Polêmica da
Estabilidade
O item "5.8" da NR-5 do MTE traz o seguinte
texto:
"É vedada a dispensa arbitrária ou sem justa causa
do empregado eleito para cargo de direção de
Comissões Internas de Prevenção de Acidentes desde
o registro de sua candidatura até um ano após o
final de seu mandato."
Agora, perguntamos:
Qual a finalidade da estabilidade garantida pela
referida norma?
Quando o legislador inseriu o item acima,
certamente, seu objetivo era de preservar o membro
da CIPA diante de sua atuação na CIPA, uma vez que
essa atuação tenha potencial de lhe expor em
situações de disputa e discussão durante a gestão
da CIPA. Tecnicamente é uma visão perfeita e
objetiva garantir livre atuação dos membros da
CIPA na condução dos trabalhos.
O fato é que essa garantia é mal interpretada por
empresas e até por empregados que buscam uma
colocação como membro da CIPA.
É importante lembrar que a CIPA possui como
objetivo a prevenção de acidentes e doenças do
trabalho, mas muitos trabalhadores vêem na
"estabilidade" do membro da CIPA uma oportunidade
de garantir seu emprego assim como a empresa
possui uma visão (erronia) de que o membro da CIPA
é a pessoa que tem potencial de atrapalhar seu
processo produtivo ou desempenho em termos de
lucro. Assim, a empresa vê na estabilidade um
problema.
O esclarecimento do assunto é sempre a melhor
saída. Os profissionais do SESMT que são os
responsáveis pela informação nesse assunto possuem
o dever de orientar empresas e trabalhadores a
respeito da estabilidade garantida pela NR-5 e seu
real objetivo.
- A empresa pode dispensar um funcionário,
membro da CIPA e abrangido pelo item "5.8" que
lhe dá o direito à estabilidade?
Resposta: Depende.
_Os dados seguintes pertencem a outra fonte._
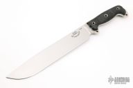 This 20th Anniversary Edition Straight Handle Battle Mistress from the Busse Combat Knife Company features a satin finished blade, .301" blade stock, 1.845" blade depth. Full tang construction with black G-10 scales. Excellent condition. #406 on the blade.
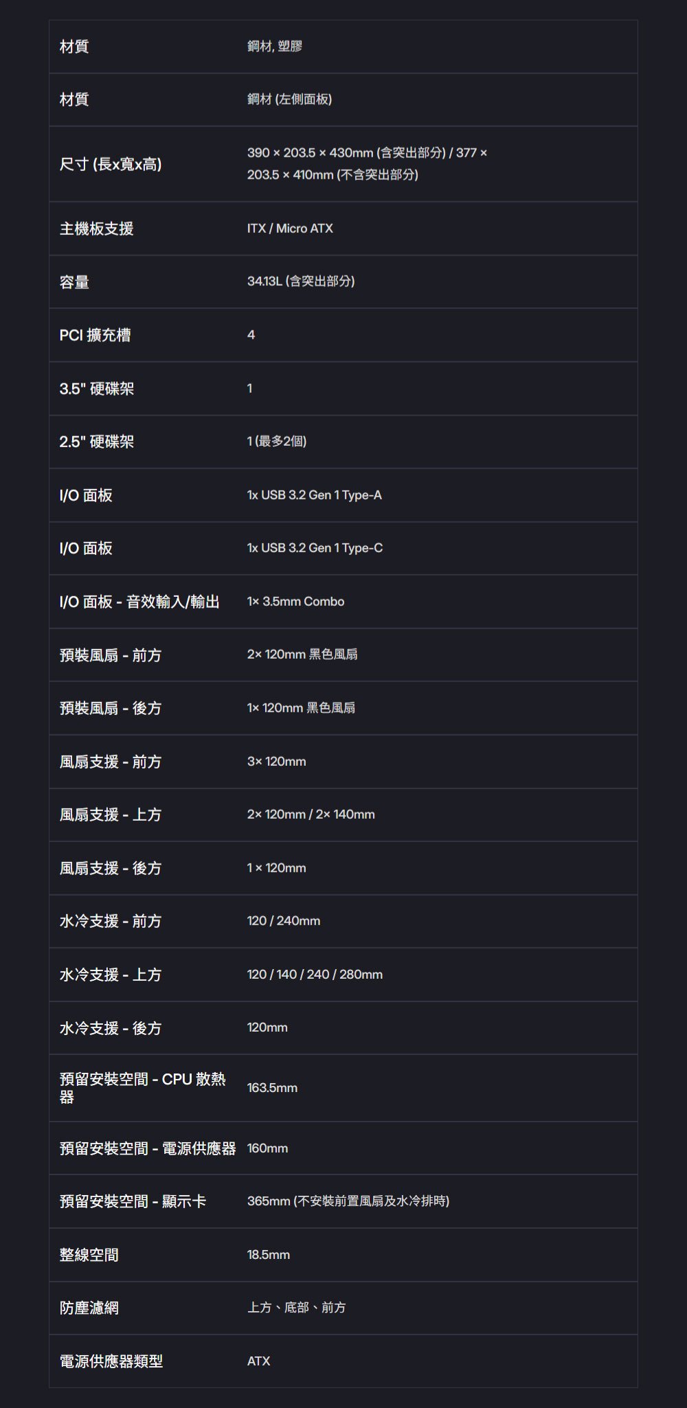 - 支援長達 365mm的顯示卡和 163.5mm的 CPU 散熱器
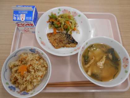 もみじご飯・芋の味噌汁・魚のごまつけ焼き・おかか和え・牛乳
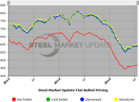 SMU Note: Below is a graphic showing our hot rolled, cold rolled, galvanized, and Galvalume price history. To use the graphs interactive capabilities, you must view it on our website here. If you need help navigating the website or need to know your login information, contact us at info@SteelMarketUpdate.com or by calling 800-432-3475.

Se por "justa causa" sim. Se
o motivo se relacionar com a atuação do
trabalhador na CIPA ou ainda "sem justa causa" a
empresa não pode dispensá-lo.
- O interesse do empregado exclusivamente
pela estabilidade pode prejudicar sua atuação na
CIPA?
Claro. Sem sombra de dúvidas. Em pouco tempo seu
real interesse se tornará perceptível ao alcance
dos colegas, da empresa e da própria comissão.
- Qual a saída?
Orientar a empresa e os empregados. Cabe ao
profissional de SST essa função de esclarecedor.